Stored entries:
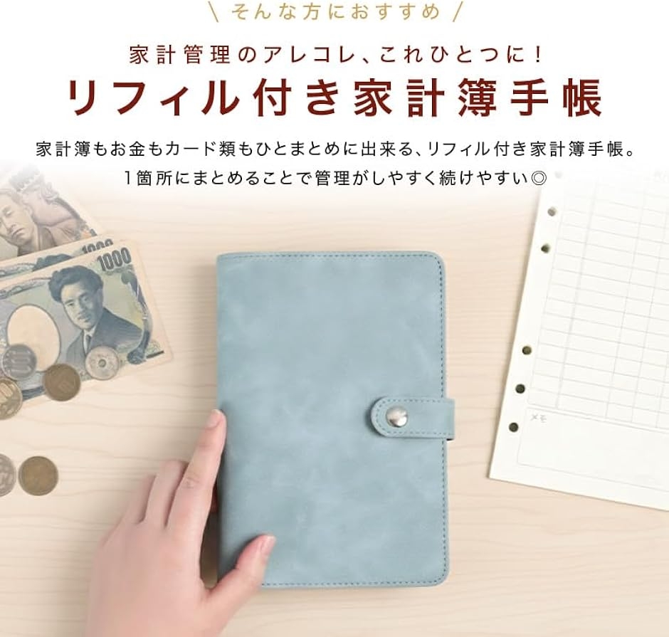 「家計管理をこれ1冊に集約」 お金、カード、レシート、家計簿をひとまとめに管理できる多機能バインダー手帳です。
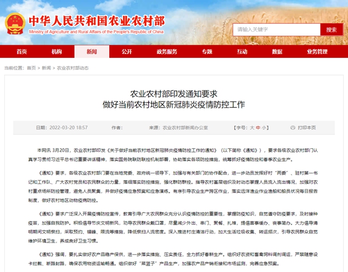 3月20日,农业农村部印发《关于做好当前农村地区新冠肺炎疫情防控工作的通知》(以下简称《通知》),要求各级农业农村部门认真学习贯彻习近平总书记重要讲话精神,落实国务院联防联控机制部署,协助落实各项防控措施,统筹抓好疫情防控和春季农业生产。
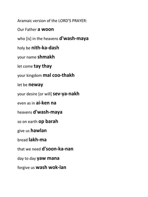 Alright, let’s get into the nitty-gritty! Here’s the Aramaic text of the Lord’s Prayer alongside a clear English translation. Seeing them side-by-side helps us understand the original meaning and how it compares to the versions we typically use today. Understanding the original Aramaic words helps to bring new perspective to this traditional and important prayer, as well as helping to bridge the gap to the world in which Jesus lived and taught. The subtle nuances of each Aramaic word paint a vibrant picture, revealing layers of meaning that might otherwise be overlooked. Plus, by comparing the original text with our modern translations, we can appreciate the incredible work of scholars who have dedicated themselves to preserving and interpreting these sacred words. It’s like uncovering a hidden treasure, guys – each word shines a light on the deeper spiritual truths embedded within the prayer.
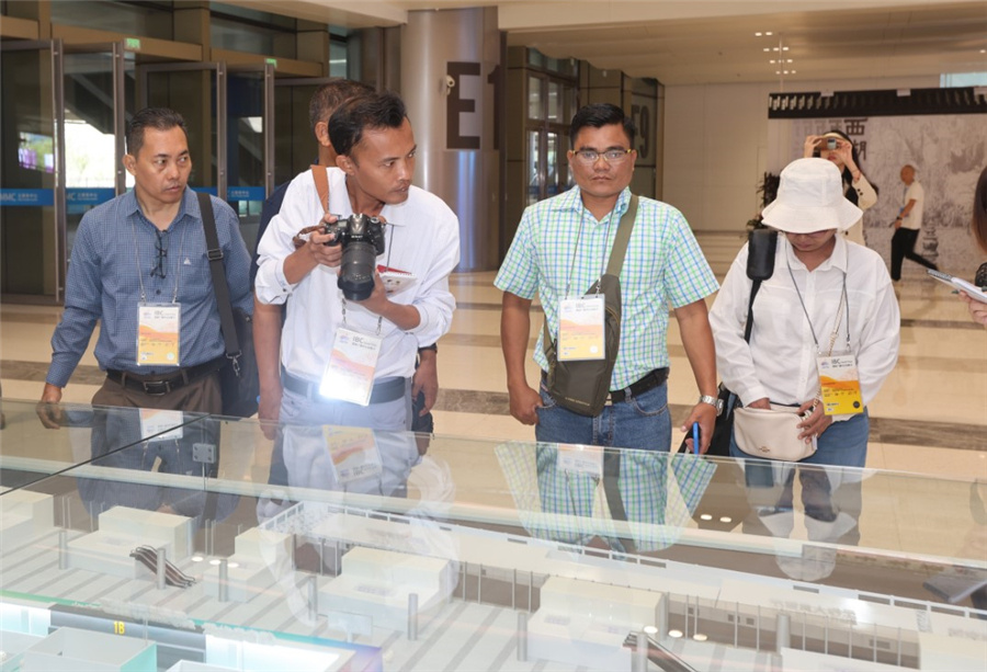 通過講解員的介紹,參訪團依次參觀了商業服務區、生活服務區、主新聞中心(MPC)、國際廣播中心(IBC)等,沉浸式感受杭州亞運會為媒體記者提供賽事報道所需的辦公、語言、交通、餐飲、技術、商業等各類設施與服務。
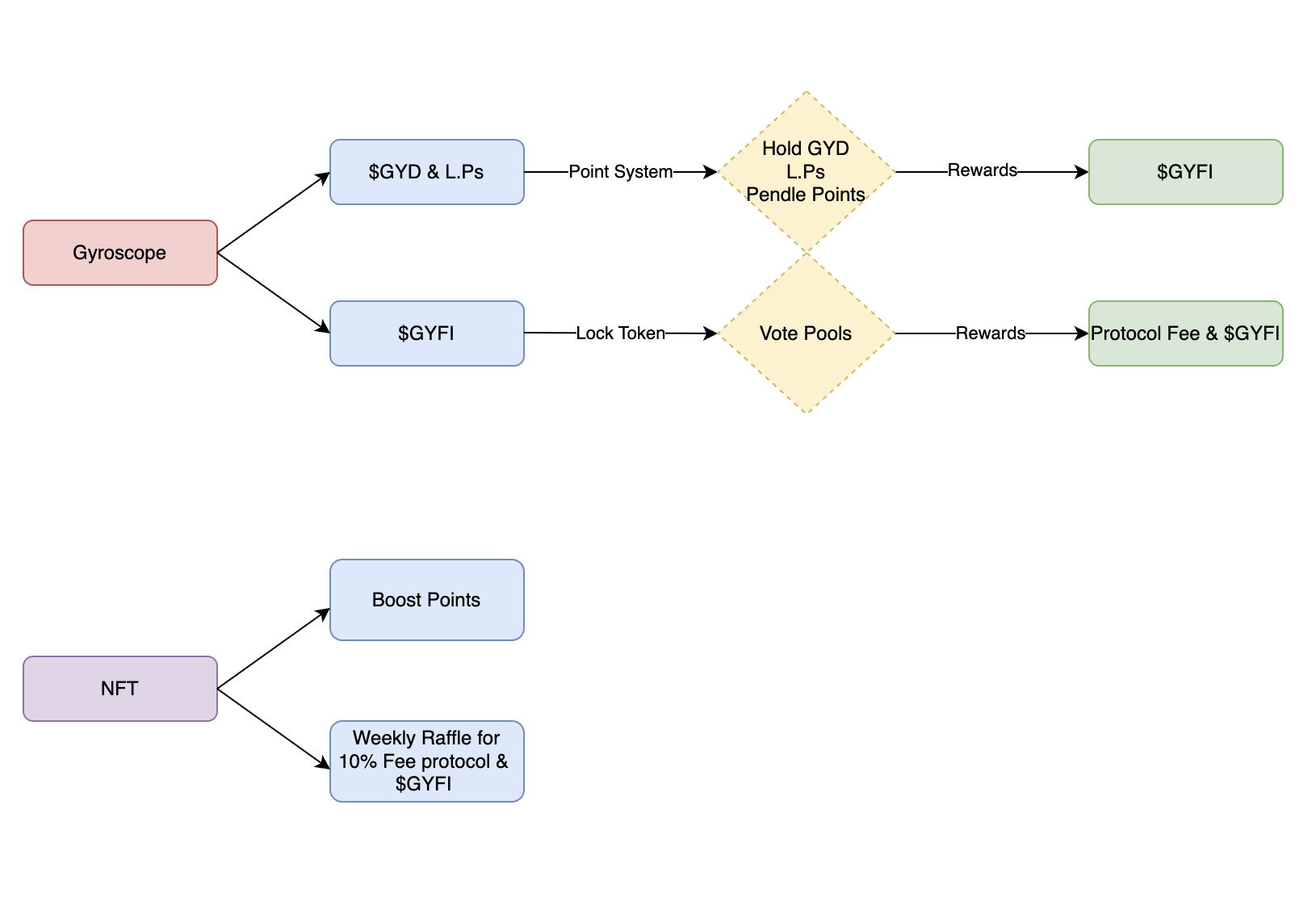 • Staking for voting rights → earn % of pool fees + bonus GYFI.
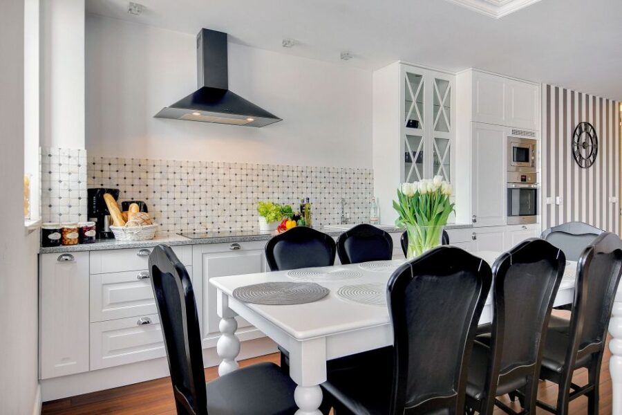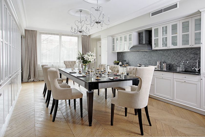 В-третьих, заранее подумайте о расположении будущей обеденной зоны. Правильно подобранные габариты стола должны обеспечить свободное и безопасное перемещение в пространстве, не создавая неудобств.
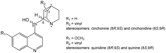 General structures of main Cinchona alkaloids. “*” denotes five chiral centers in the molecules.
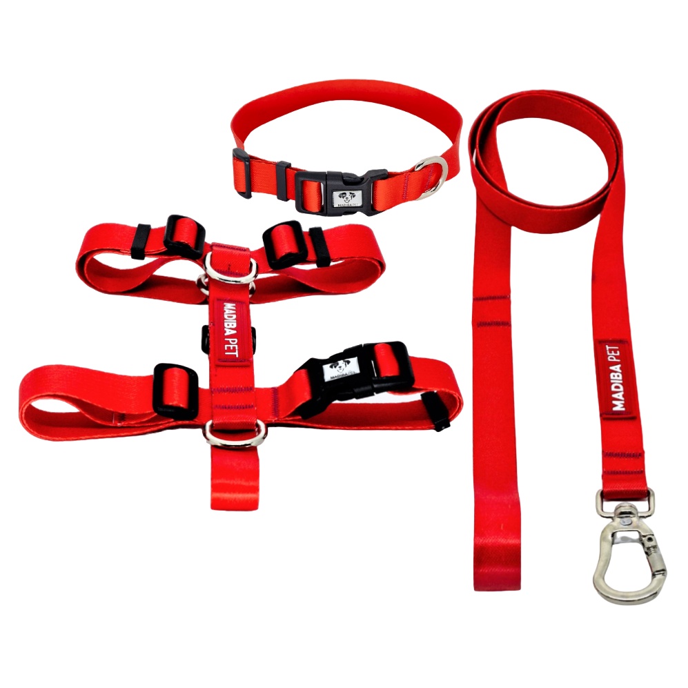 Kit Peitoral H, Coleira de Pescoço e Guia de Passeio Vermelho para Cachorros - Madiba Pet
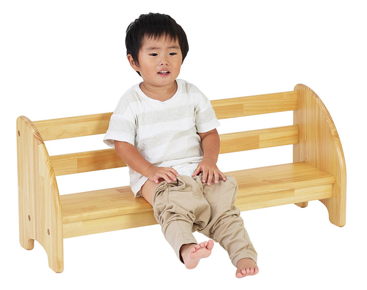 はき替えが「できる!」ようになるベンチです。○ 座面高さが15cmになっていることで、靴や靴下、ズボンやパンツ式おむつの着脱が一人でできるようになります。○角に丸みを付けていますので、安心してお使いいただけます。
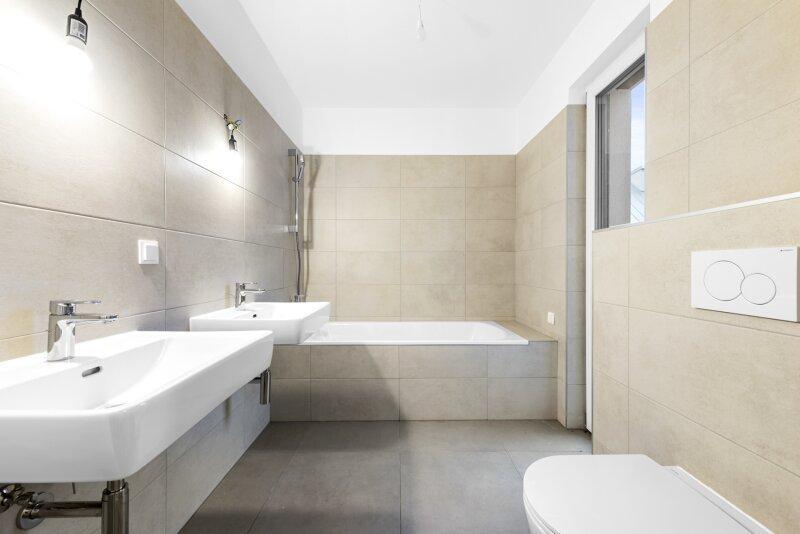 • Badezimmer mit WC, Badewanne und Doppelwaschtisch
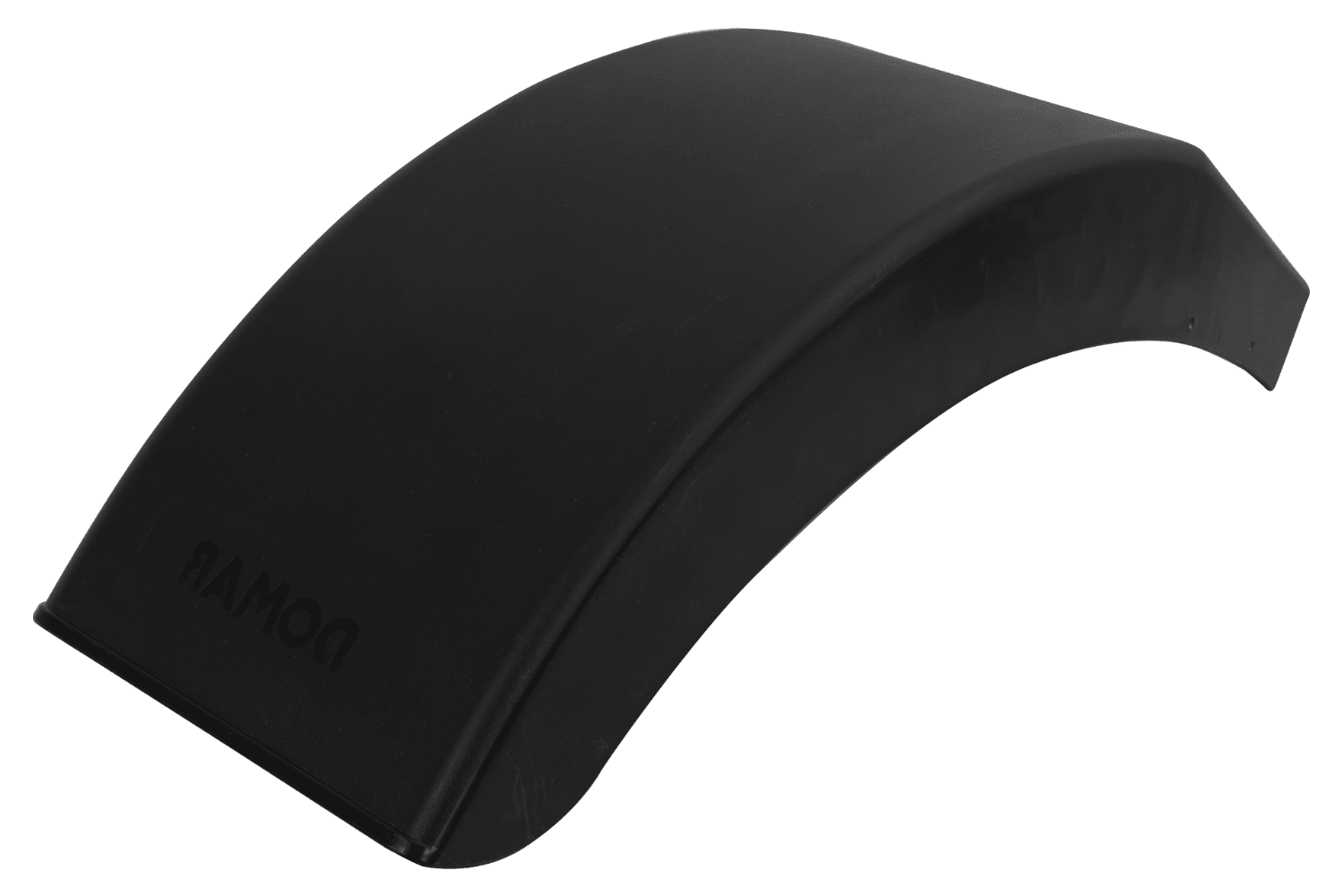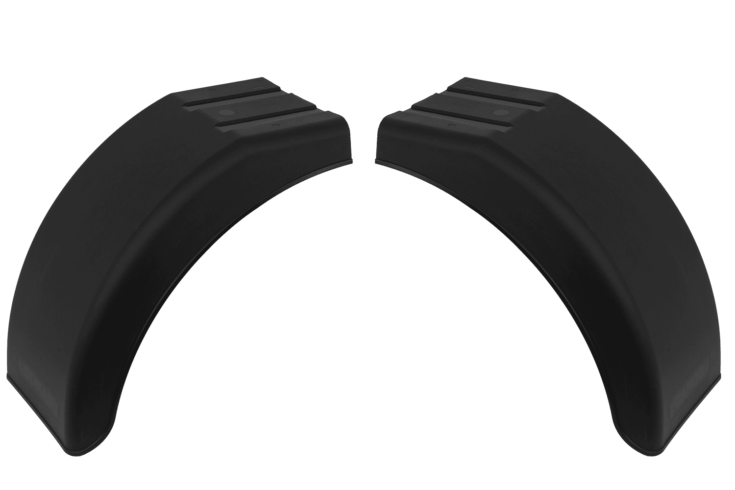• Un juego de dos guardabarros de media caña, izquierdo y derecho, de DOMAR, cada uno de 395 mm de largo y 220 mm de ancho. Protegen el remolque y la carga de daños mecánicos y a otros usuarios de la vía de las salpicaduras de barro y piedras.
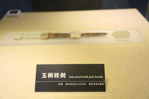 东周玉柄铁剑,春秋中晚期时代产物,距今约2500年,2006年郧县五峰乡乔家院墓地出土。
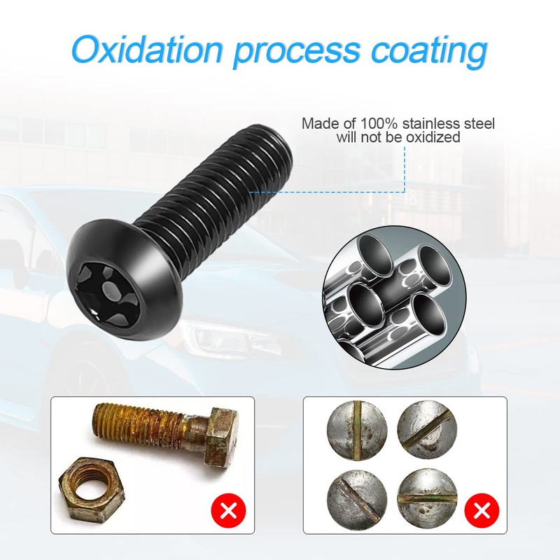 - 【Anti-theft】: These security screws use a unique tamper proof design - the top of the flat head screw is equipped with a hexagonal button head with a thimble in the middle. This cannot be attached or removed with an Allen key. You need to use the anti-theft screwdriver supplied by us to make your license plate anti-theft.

*Work required*
Make an exact copy of every entry above, but keep the pictures out of it.

*Result for this task*
 「家計管理をこれ1冊に集約」 お金、カード、レシート、家計簿をひとまとめに管理できる多機能バインダー手帳です。
 3月20日,农业农村部印发《关于做好当前农村地区新冠肺炎疫情防控工作的通知》(以下简称《通知》),要求各级农业农村部门认真学习贯彻习近平总书记重要讲话精神,落实国务院联防联控机制部署,协助落实各项防控措施,统筹抓好疫情防控和春季农业生产。
 Alright, let’s get into the nitty-gritty! Here’s the Aramaic text of the Lord’s Prayer alongside a clear English translation. Seeing them side-by-side helps us understand the original meaning and how it compares to the versions we typically use today. Understanding the original Aramaic words helps to bring new perspective to this traditional and important prayer, as well as helping to bridge the gap to the world in which Jesus lived and taught. The subtle nuances of each Aramaic word paint a vibrant picture, revealing layers of meaning that might otherwise be overlooked. Plus, by comparing the original text with our modern translations, we can appreciate the incredible work of scholars who have dedicated themselves to preserving and interpreting these sacred words. It’s like uncovering a hidden treasure, guys – each word shines a light on the deeper spiritual truths embedded within the prayer.
 通過講解員的介紹,參訪團依次參觀了商業服務區、生活服務區、主新聞中心(MPC)、國際廣播中心(IBC)等,沉浸式感受杭州亞運會為媒體記者提供賽事報道所需的辦公、語言、交通、餐飲、技術、商業等各類設施與服務。
 • Staking for voting rights → earn % of pool fees + bonus GYFI.
 В-третьих, заранее подумайте о расположении будущей обеденной зоны. Правильно подобранные габариты стола должны обеспечить свободное и безопасное перемещение в пространстве, не создавая неудобств.
 General structures of main Cinchona alkaloids. “*” denotes five chiral centers in the molecules.
 Kit Peitoral H, Coleira de Pescoço e Guia de Passeio Vermelho para Cachorros - Madiba Pet
 はき替えが「できる!」ようになるベンチです。○ 座面高さが15cmになっていることで、靴や靴下、ズボンやパンツ式おむつの着脱が一人でできるようになります。○角に丸みを付けていますので、安心してお使いいただけます。
 • Badezimmer mit WC, Badewanne und Doppelwaschtisch
• Un juego de dos guardabarros de media caña, izquierdo y derecho, de DOMAR, cada uno de 395 mm de largo y 220 mm de ancho. Protegen el remolque y la carga de daños mecánicos y a otros usuarios de la vía de las salpicaduras de barro y piedras.
 东周玉柄铁剑,春秋中晚期时代产物,距今约2500年,2006年郧县五峰乡乔家院墓地出土。
 - 【Anti-theft】: These security screws use a unique tamper proof design - the top of the flat head screw is equipped with a hexagonal button head with a thimble in the middle. This cannot be attached or removed with an Allen key. You need to use the anti-theft screwdriver supplied by us to make your license plate anti-theft.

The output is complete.